■ **How to complete this task**: Every line below needs to be printed again exactly, without any of its pictures.

■ **Raw data**:
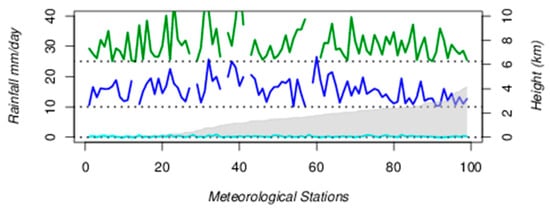 In addition, Figure 7 shows the absolute errors of the mean daily rainfall for each meteorological station and for precipitation intensities of 0–10 mm/day (solid cyan line), 10–25 mm/day (solid blue line) and 25 mm/day or greater (solid green line). These absolute errors were calculated using the mean values of the daily precipitation data (IMERG and gauge) for each station. They represent how much IMERG deviates from the gauge data. For example, the figure shows that for station 1 (x-axis) IMERG deviates from the gauge data in almost 5 mm/day for precipitation intensities of 25 mm/day or greater. Also, the absence of data in green and blue lines means that precipitation intensities corresponding to their respective ranges were not found for the corresponding meteorological station.
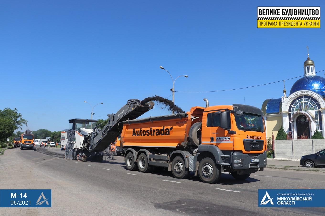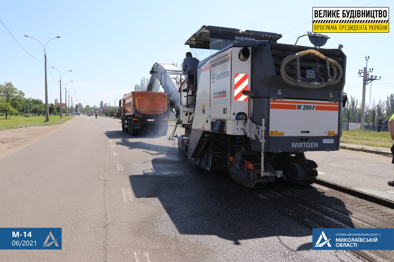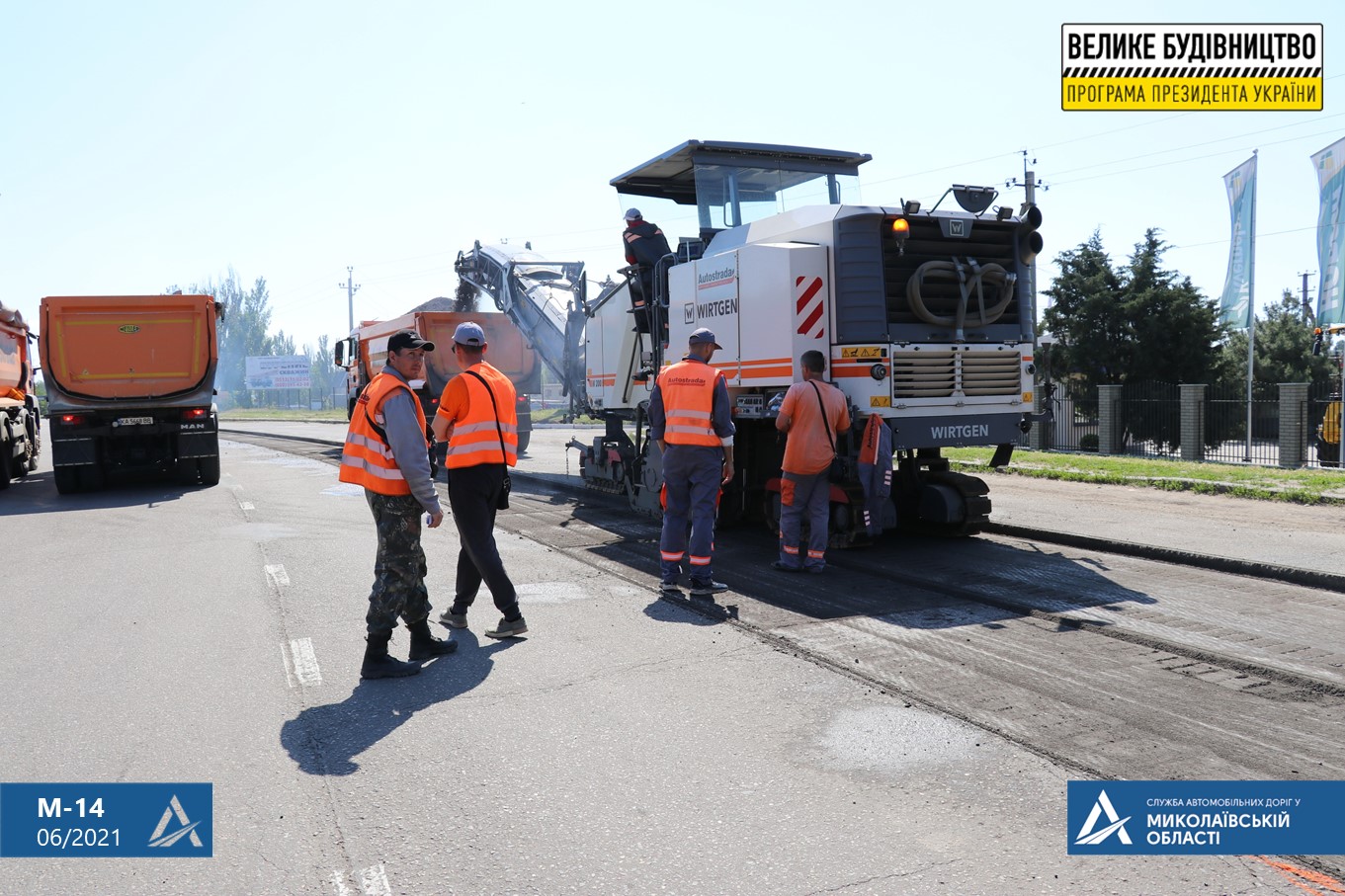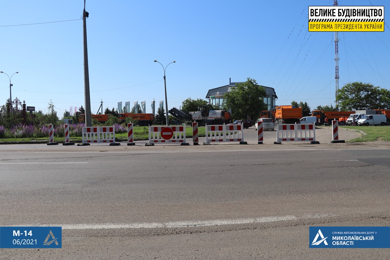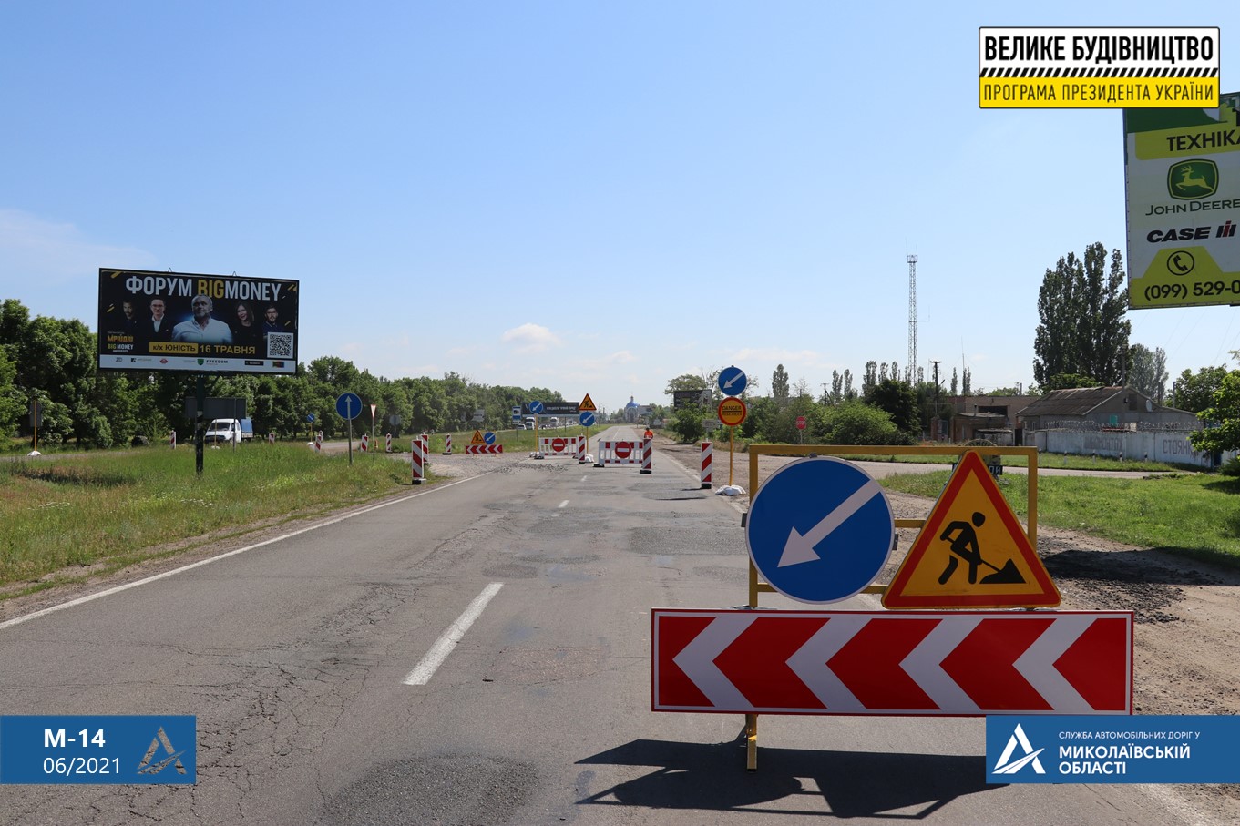 Участок ремонта дороги М-14 на км 129 + 025 — км 139 + 590 совпадает с улицами города Веселиновская, Одесское шоссе, Большая Морская (от Никольской к Пушкинской), Никольская (от Пушкинской до Большой Морской), Пушкинская (от Большой Морской до Ингульского моста), проспект Героев Украины и мостовые переходы через реки Южный Буг и Ингул.
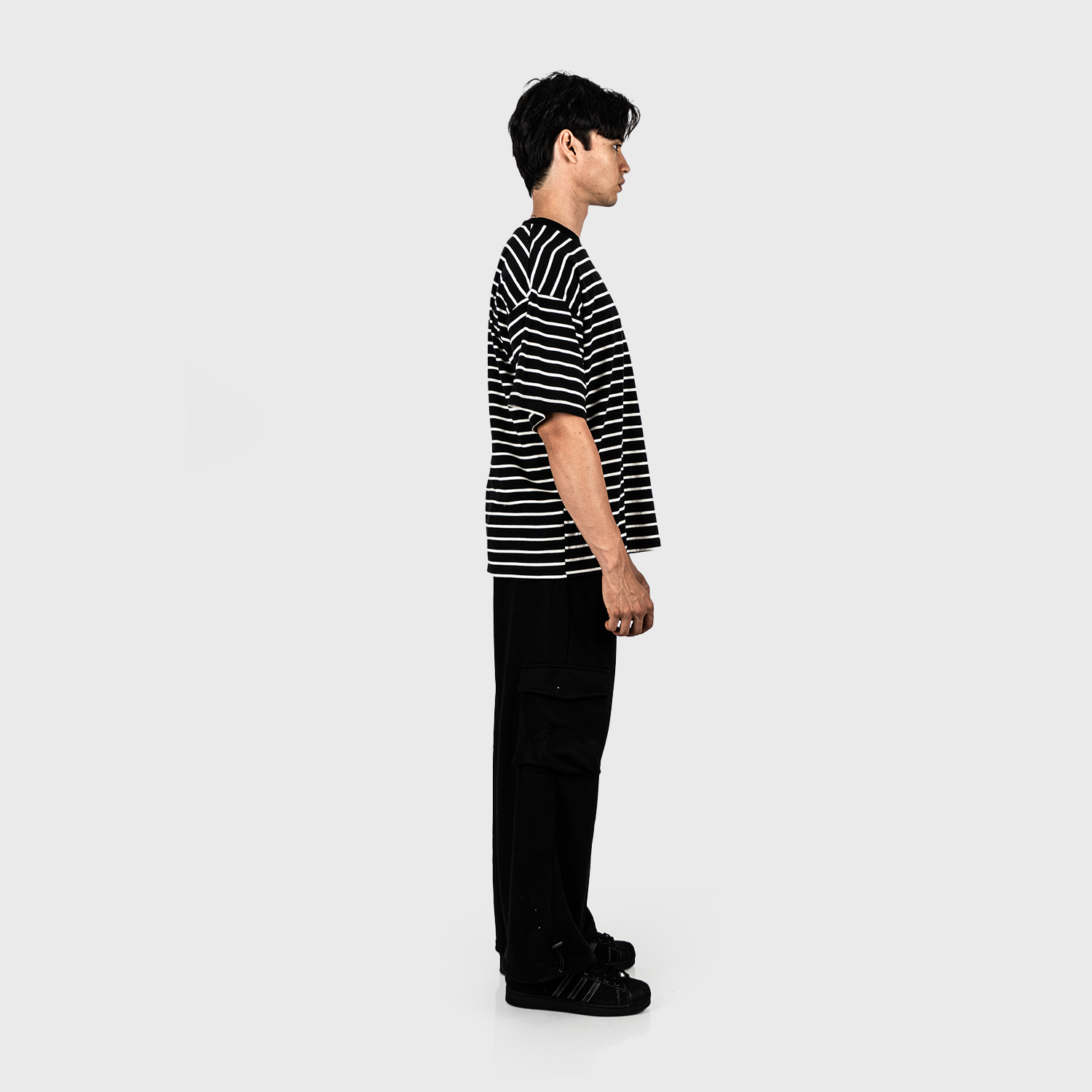 "Polo manga corta con rayas negras y blancas. Fit amplio y relajado, pensado para fluir cómodo en cualquier momento del día. Una prenda que no grita, pero se deja notar."
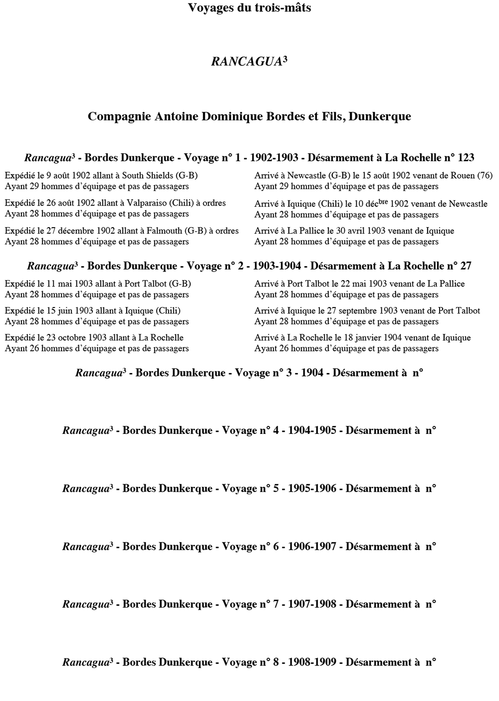 Équipages de Rancagua-3 pour Bordes Dunkerque

■ **Task solution**:
 In addition, Figure 7 shows the absolute errors of the mean daily rainfall for each meteorological station and for precipitation intensities of 0–10 mm/day (solid cyan line), 10–25 mm/day (solid blue line) and 25 mm/day or greater (solid green line). These absolute errors were calculated using the mean values of the daily precipitation data (IMERG and gauge) for each station. They represent how much IMERG deviates from the gauge data. For example, the figure shows that for station 1 (x-axis) IMERG deviates from the gauge data in almost 5 mm/day for precipitation intensities of 25 mm/day or greater. Also, the absence of data in green and blue lines means that precipitation intensities corresponding to their respective ranges were not found for the corresponding meteorological station.
 Участок ремонта дороги М-14 на км 129 + 025 — км 139 + 590 совпадает с улицами города Веселиновская, Одесское шоссе, Большая Морская (от Никольской к Пушкинской), Никольская (от Пушкинской до Большой Морской), Пушкинская (от Большой Морской до Ингульского моста), проспект Героев Украины и мостовые переходы через реки Южный Буг и Ингул.
 "Polo manga corta con rayas negras y blancas. Fit amplio y relajado, pensado para fluir cómodo en cualquier momento del día. Una prenda que no grita, pero se deja notar."
 Équipages de Rancagua-3 pour Bordes Dunkerque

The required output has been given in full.